Data section: Begin
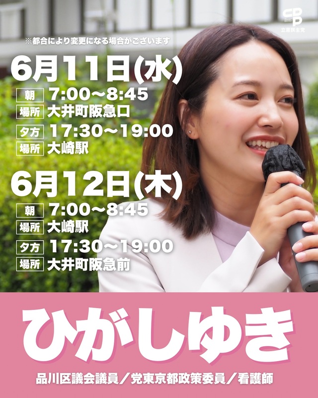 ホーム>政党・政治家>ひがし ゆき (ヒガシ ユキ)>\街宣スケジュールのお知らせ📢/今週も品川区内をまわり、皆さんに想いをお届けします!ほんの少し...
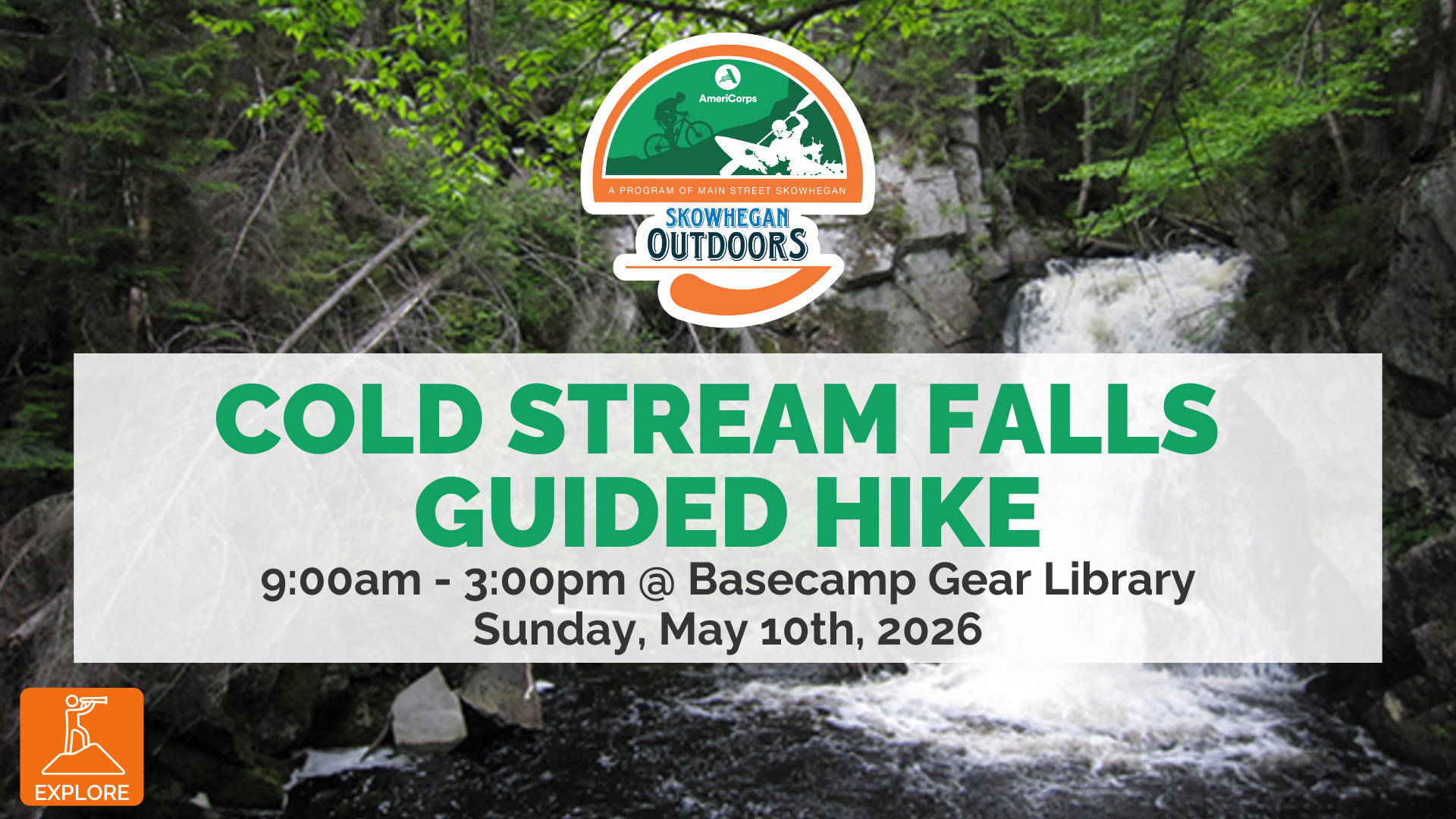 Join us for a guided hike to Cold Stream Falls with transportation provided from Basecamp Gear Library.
Data section: End
Data section: Begin
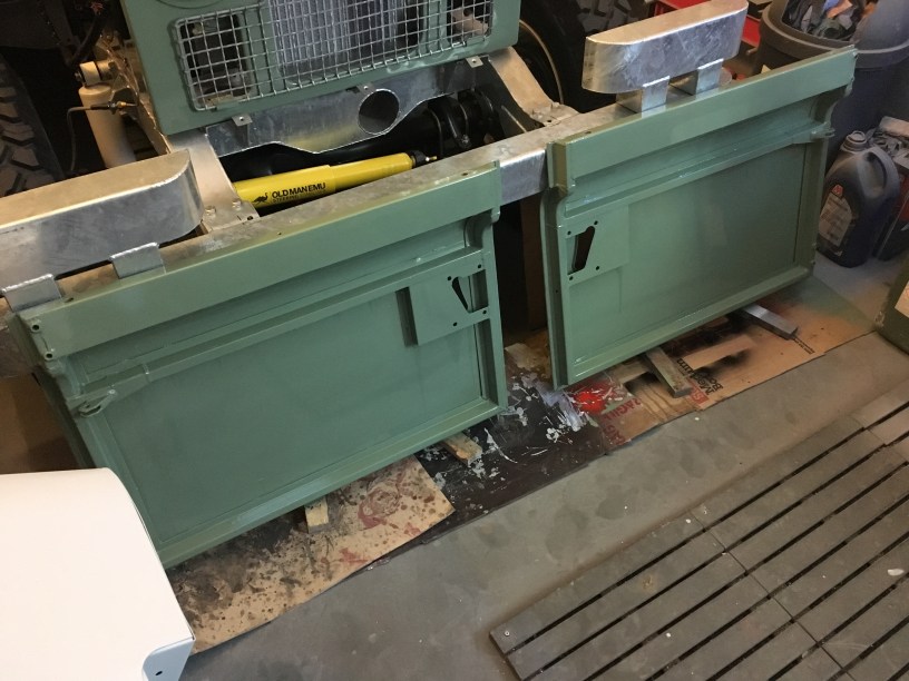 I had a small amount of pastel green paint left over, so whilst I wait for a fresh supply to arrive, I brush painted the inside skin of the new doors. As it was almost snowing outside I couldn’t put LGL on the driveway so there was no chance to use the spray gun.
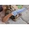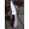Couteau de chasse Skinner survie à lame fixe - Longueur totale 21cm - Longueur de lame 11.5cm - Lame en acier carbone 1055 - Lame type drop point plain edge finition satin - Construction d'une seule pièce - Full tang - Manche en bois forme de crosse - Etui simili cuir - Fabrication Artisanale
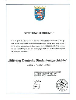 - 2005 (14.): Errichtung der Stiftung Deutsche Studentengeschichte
Data section: End
Exercise aim: Pictures are to be left out. Write out only the lines above starting at the one with "Couteau de chasse" and ending at the one with "- 2005 (14.): Errichtung", both lines included, exactly.

Output below:
Couteau de chasse Skinner survie à lame fixe - Longueur totale 21cm - Longueur de lame 11.5cm - Lame en acier carbone 1055 - Lame type drop point plain edge finition satin - Construction d'une seule pièce - Full tang - Manche en bois forme de crosse - Etui simili cuir - Fabrication Artisanale
 - 2005 (14.): Errichtung der Stiftung Deutsche Studentengeschichte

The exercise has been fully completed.